Shanghai Street View: Dialect Defense

Shanghainese spoken here, please

More international cities like Hong Kong and Shanghai have an advantage over smaller rivals in preserving this element of local culture, as many of these bigger places have big academic communities that actively work to protect the local dialect. Most of those academics are often older folks who have admirable goals but don’t know how to speak to a younger generation that’s interested in speaking the more cosmopolitan Mandarin than a local dialect that often has many associations of backwardness.Against that backdrop, I was intrigued to read about a trio of 20- and 30-somethings who are trying to make the local Shanghai dialect appeal to younger people with their recently developed web series, “Cool! Shanghai”. I had to ask quite a few people before deciding on how to even translate the word “Cool” in the program’s title, since the actual word, pronounced like dya is a very local one with no Mandarin equivalent.

The trio behind the program consists of Panda, a 32-year-old interior designer; Gang Laoshi, a 25-year-old elementary school teacher; and 32-year-old Tong Laoshi, a childhood friend of Gang’s. The trio have recorded 26 episodes of “Cool! Shanghai” since launching their project 8 months ago. They say the program has received more than 40,000 hits on the Internet during that time, as they discuss various topics of interest to the younger generation using the Shanghai dialect.

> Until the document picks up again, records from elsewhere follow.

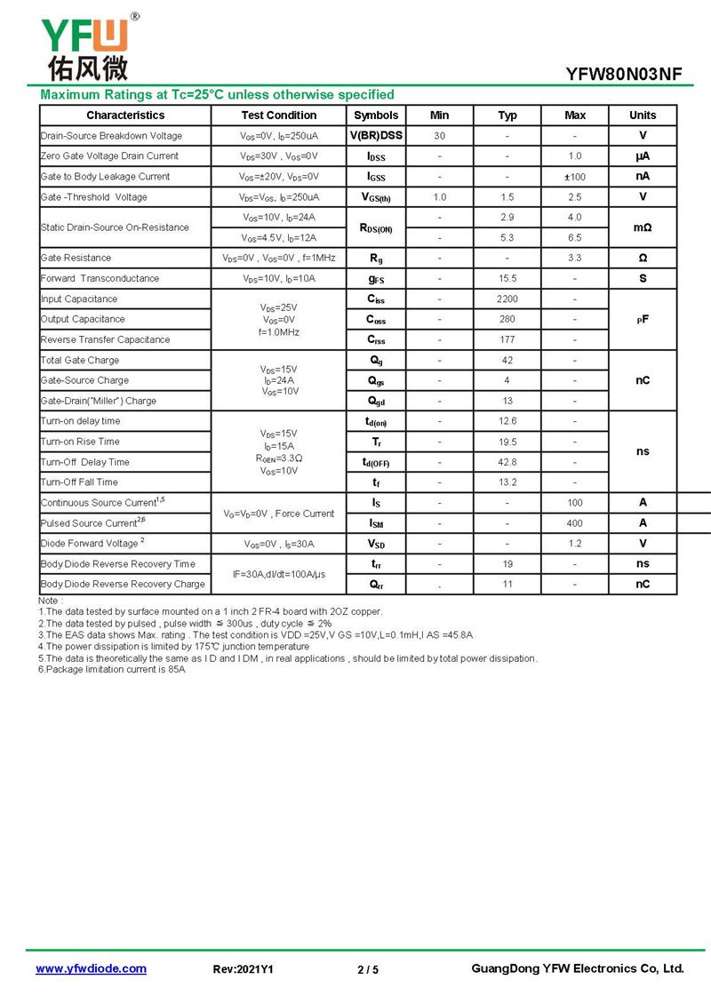 場效應(yīng)管YFW80N03NF 規(guī)格書_價(jià)格_PDF手冊-廣東佑風(fēng)微原廠YFW80N03NF PDFN5*6-8L_(YFW佑風(fēng)微)品牌
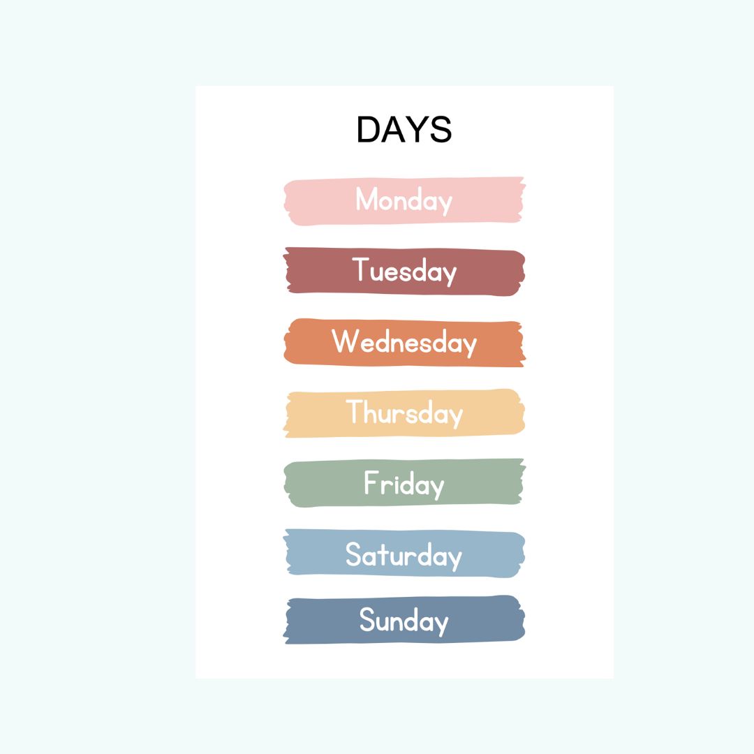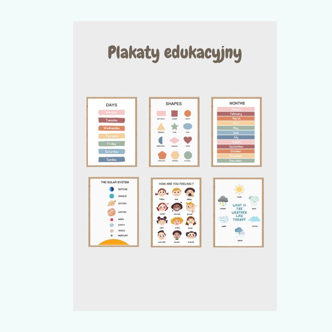 Kolorowe plansze wspierające naukę podstawowych pojęć, takich jak: dni tygodnia, kształty, miesiące, emocje, pogoda, przestrzeń kosmiczna. Doskonałe do zawieszenia w pokoju dziecka lub w kąciku językowym.
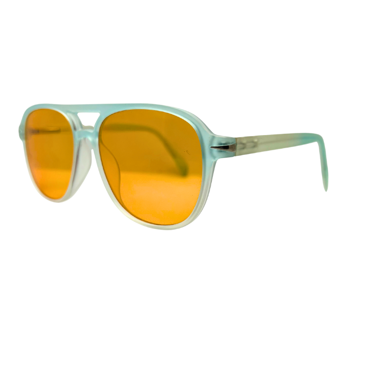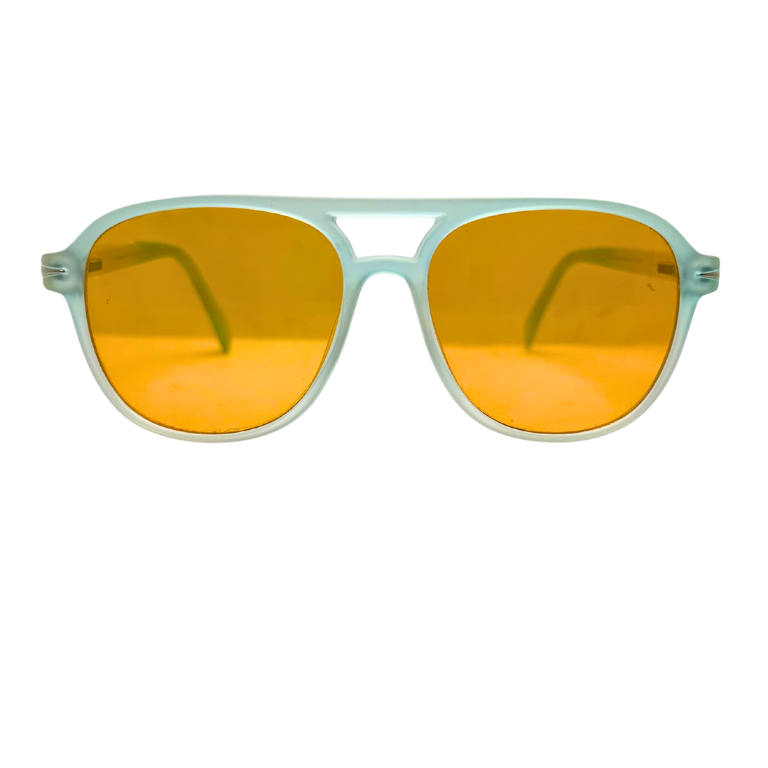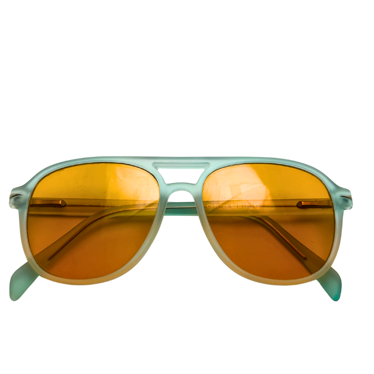 Turn heads with Midnight Frame, a bold statement in translucent blue and amber. These sunglasses blend vintage charm with modern edge, crafted for those who move through life with quiet confidence and unmistakable style.

This project is one of the more creative ones I’ve read about in the ongoing debate on how to preserve the Shanghai dialect, and whether the dialect is even worth saving in an age where many of Shanghai’s residents come from faraway places with their own local languages. The city is still home to at least one Shanghai-dialect TV channel, which I suspect is mostly viewed by people from the older generation. Other preservation efforts include introducing the dialect onto some local buses when announcing stops, alongside the usual Mandarin announcements.

People I’ve spoken to have widely different opinions on whether or not the dialect is worth saving or not. A former colleague and 30-something Shanghainese once observed that he speaks the local dialect to his son, but that his son always replies in Mandarin. But his view seemed to be that this kind of changeover was inevitable. Another of my older friends always quickly slips into Shanghainese when we dine with friends from his same generation, leaving me to sit and struggle to understand bits and pieces of conversation that resemble their Mandarin equivalents. But he goes easily back into Mandarin whenever there are more than 3 or 4 non-native Shanghainese around.

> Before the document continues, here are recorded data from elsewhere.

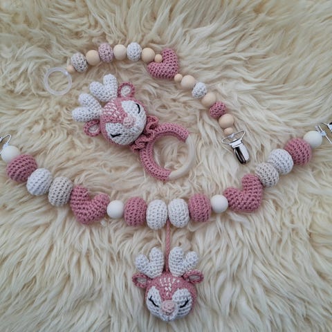 Selger unna lageret mitt med hjemme hekla vogn og bilstol pynt. Noen smokkelenker, rangler og rangle baller.
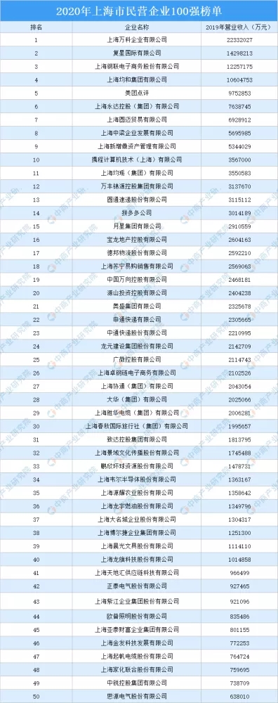 2020年上海民營企業(yè)百強(qiáng)排行榜
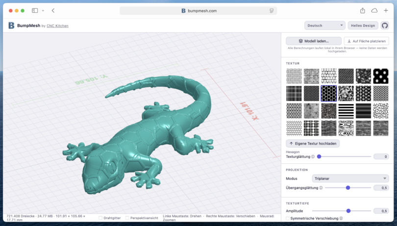 Bumbmesh.com läuft nach dem Aufruf komplett offline im Browser und kann STL-, OBJ- und 3MF-Dateien mit unzähligen Einstellungsmöglichkeiten bearbeiten. Die Struktur wird durch ein Schwarz-Weiß-Bild vorgegeben und kann auch auf bestimmte Bereiche begrenzt werden. Muss man einfach mal ein bisschen herumspielen – mal sind die Ergebnisse besser, mal schlechter. Auf Github gibt es noch ein paar mehr Infos.
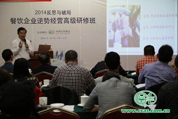 2014年3月12日-14日,反思与破局﹒餐饮企业逆势经营高级研修在北京举行,中国烹饪协会常务副会长兼秘书长冯恩援出席研修活动并作主题报告,来自北京、上海、重庆等16个省市自治区的40家餐饮企业负责人参加学习交流。
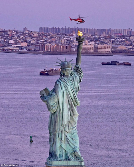 攝影師埃里克·亞當(dāng)斯(Eric Adams)碰巧拍到了直升機(jī)墜毀幾分鐘前飛過自由女神的照片。
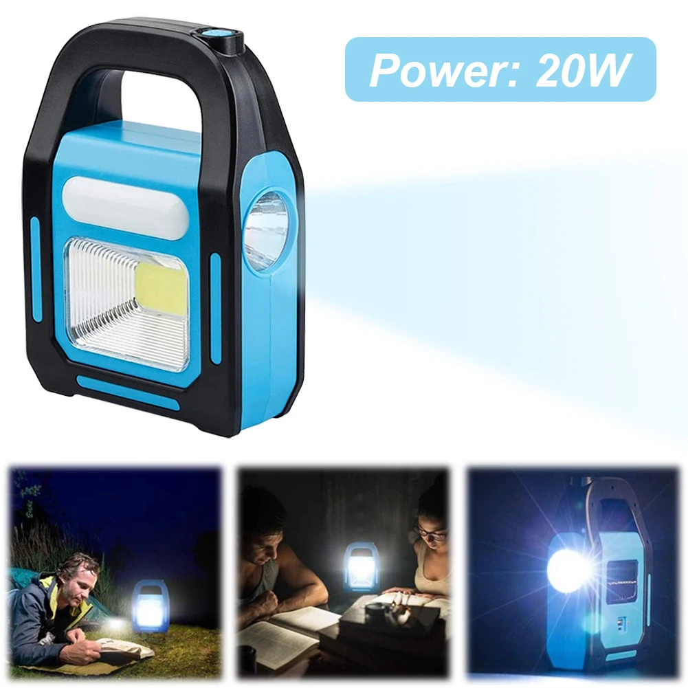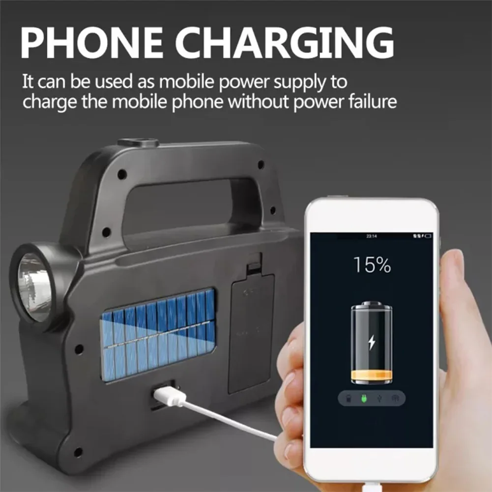 مصباح يدوي للطوارئ يعمل بالطاقة الشمسية وقابل لإعادة الشحن عبر USB ومقاوم للماء IPX4 ومصباح عمل COB LED بثلاثة أوضاع إضاءة لحالات الطوارئ وانقطاع الطاقة والسفر
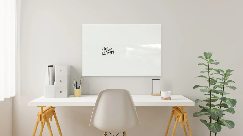 Le tableau en verre magnétique et effaçable à sec peut être utilisé de différentes manières - écrivez dessus avec n'importe quel type de marqueur ou fixez des notes importantes avec des aimants en néodyme. Grâce à lui, vous gagnez en productivité en organisant les informations clés. C'est également un endroit idéal pour les dessins créatifs et les notes détaillées, que vous pouvez facilement effacer à l'aide d'une éponge ou d'un chiffon dès que vous n'en avez plus besoin. Ainsi le tableau est très facile à entretenir.
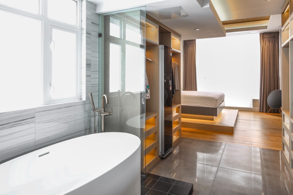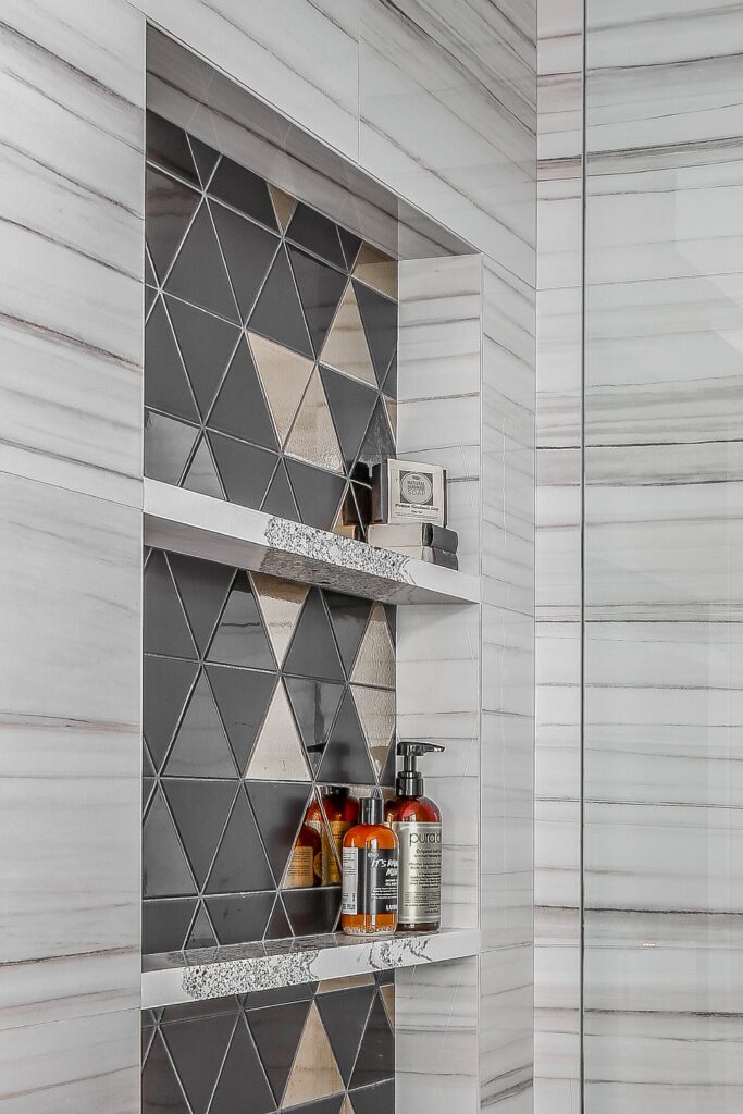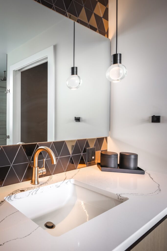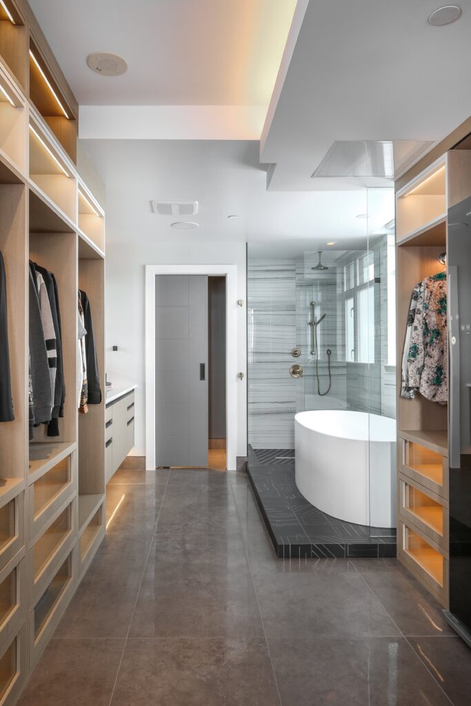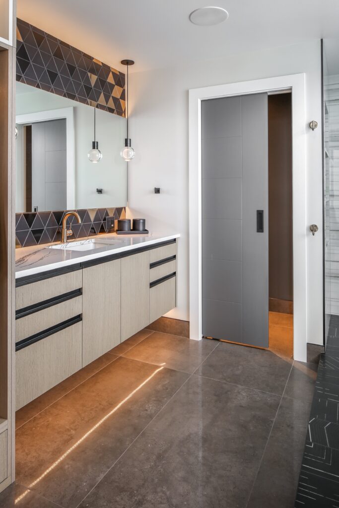 This young bachelor desired an integrated, dramatic, and modern primary ensuite. He wanted it to focus on luxurious finishes, maximizing storage, and optimizing natural light/views.

I’m slightly embarrassed to admit that I’ve personally made only a very little effort to learn the dialect during my more than 3 years in the city. I made similarly little effort to learn the local dialect while living in Taiwan for 3 years. The only place where I made an active effort was in Hong Kong when I lived there in the late 1980s. At that time Hong Kong was still under British control and little or no Mandarin was spoken there. Foreigners could sometimes survive with English in those days, but often even English wasn’t sufficient when dining in local eateries or going to some of the territory’s more remote villages where only Cantonese was spoken.

All of that brings me back to my own central view, which is that language is first and foremost a tool for communicating. In modern Shanghai and Taiwan, I could communicate very well with nearly everyone using Mandarin, and therefore saw less urgency to learn the local dialect. In 1980s Hong Kong, by comparison, learning Cantonese was more a matter of survival since so many locals spoke neither English nor Mandarin.

So, where does that leave me in terms of my views on the worthiness of preserving Shanghai dialect, or local dialects in general? I think most people would agree that there’s simply no way to preserve the big majority of Chinese dialects, since many are spoken only in small areas and lack any intellectual community to lobby for their survival. Such a process certainly wouldn’t be unique to China, as most modern countries in Europe had many local dialects that died out as communications and mobility improved and standard versions of the language become the norm.

Still, many dialects do continue to exist in Europe and are relatively widely spoken in some places. That said, efforts like Cool! Shanghai seem not only admirable, but also critical for the survival of that or any other dialect in China’s current landscape of growing wealth and mobility. This kind of effort looks smart to me, because it seeks to add a “cool” and special element to speaking Shanghainese, which is clearly aimed at the younger generation whose interest is critical to the survival of any language.

In addition to appealing to locals, proponents of saving the dialect might even try to broaden their efforts by reaching out to include outsiders in the effort to popularize speaking and enjoying the language rather than keeping it in the exclusive domain of city natives. Who knows — maybe with that kind of more inclusive outreach, even a foreigner like myself might be convinced to put more effort into learning this colorful language and important part of Shanghai’s history and culture.